A newly filed ballot initiative in Arizona would repeal of key provisions of the state’s voter-approved marijuana legalization law by eliminating commercial sales, while still permitting possession and personal cultivation.

The “Sensible Marijuana Policy Act for Arizona” is being spearheaded by Sean Noble, president of the political strategy firm American Encore. Paperwork to register the initiative was filed with the secretary of state’s office this month.

This year has seen a series of attempts to roll back adult-use legalization laws, with anti-cannabis activists in Maine recently approved for signature gathering for a similar ballot initiative and a Massachusetts campaign clearing an initial signature threshold for their version that will first put the issue to lawmakers before it potentially heads to the ballot.

The Arizona measure is distinct from those proposals in at least one significant policy area: It would not take away the rights of adults to grow up to six cannabis plants for personal use.

Also, it explicitly preserves components of the law aimed at expunging prior marijuana records.

Like the anti-cannabis proposals in other states, possession would remain lawful if voters chose to enact the initiative—and Arizona’s medical marijuana program would remain intact—but the commercial market for recreational cannabis that’s evolved since voters approved an adult-use legalization measure in 2020 would be quashed.

“For adults that want to consume cannabis, they will be able to do that,” Noble told the Arizona Daily Star.

But the GOP operative—who has worked with Republican legislators on efforts to repeal the Affordable Care Act and played a role opposing a failed attempt to legalize for adult use in 2016—said declining revenue and advertising rules he perceives as insufficient to deterring youth use puts the campaign at an advantage among voters.

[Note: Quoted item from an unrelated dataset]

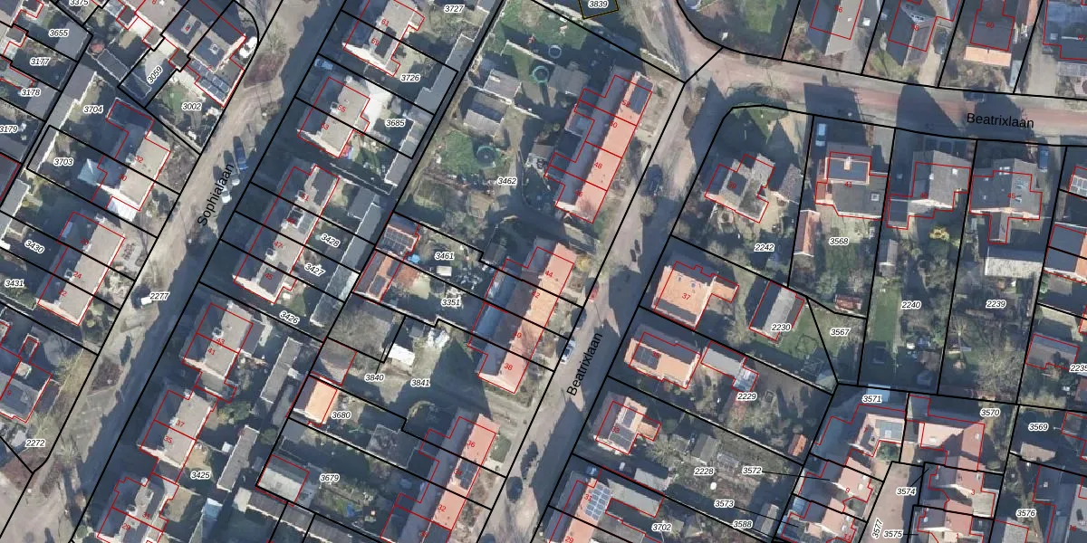 Het perceel waarop Beatrixlaan 44 staat heeft een oppervlakte van 1743 m². Dit is een zeer groot perceel. De perceeloppervlakte wordt geregistreerd door het Kadaster. Gedetailleerde informatie over de maten van dit perceel kunt u vinden in het rapport Kadastrale kaart met maatvoering van Beatrixlaan 44.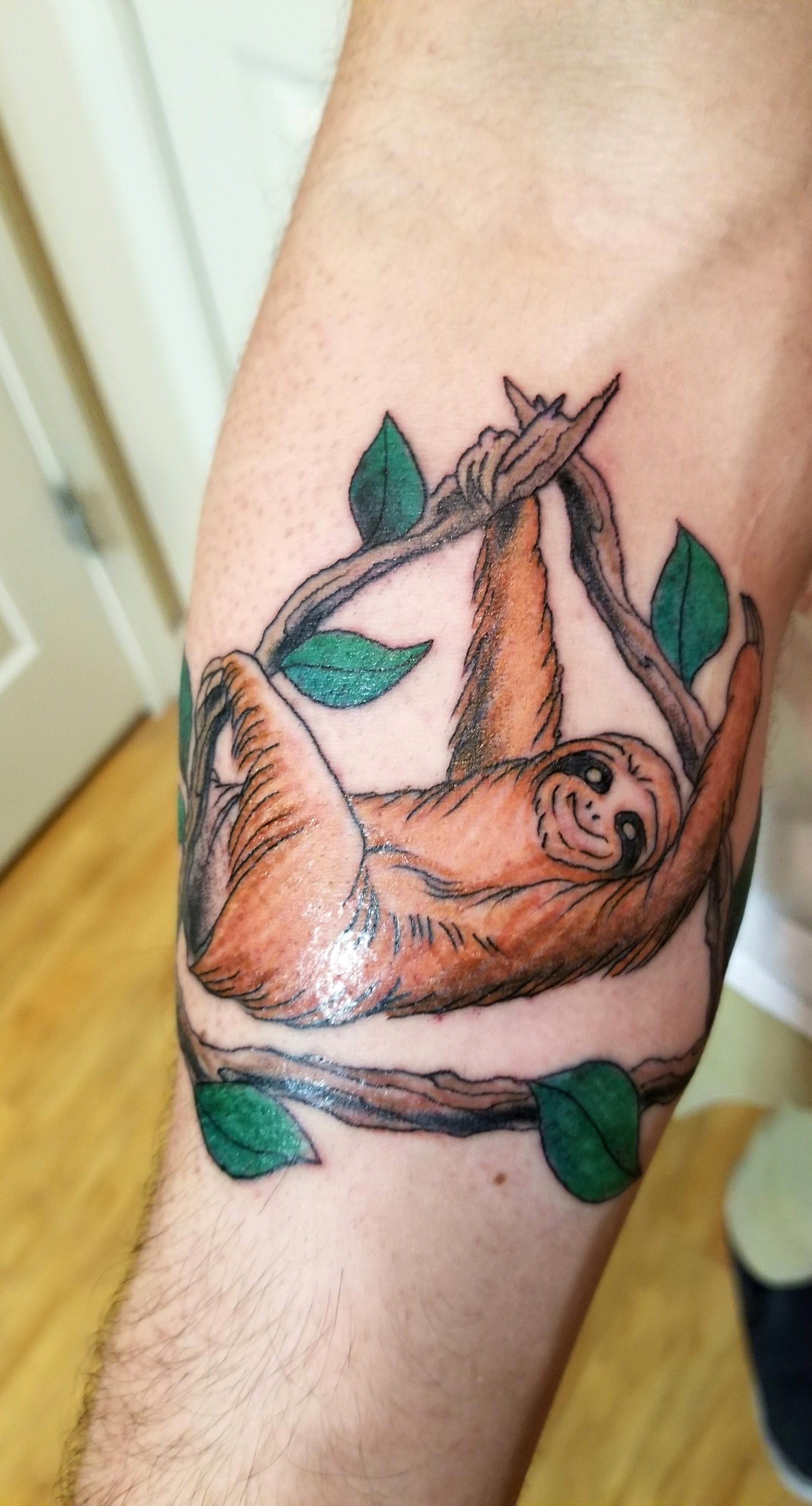 Sloth tattoo by Pete the Bruiser, element tattoo, San Antonio #evamigtattoos #tattoo

A findings section on the latest initiative states that “the proliferation of marijuana establishments and recreational marijuana sales in this state have produced unintended consequences and negative effects relating to the public health, safety, and welfare of Arizonans, including increased marijuana use among children, environmental concerns, increased demands for water resources, public nuisances, market instability, and illicit market activities.”

“Arizona’s legal marijuana sales have declined for two consecutive years, resulting in less tax revenue for this state, while some patients have relied on recreational use of marijuana instead of utilizing the benefits of this state’s medical marijuana program,” it says.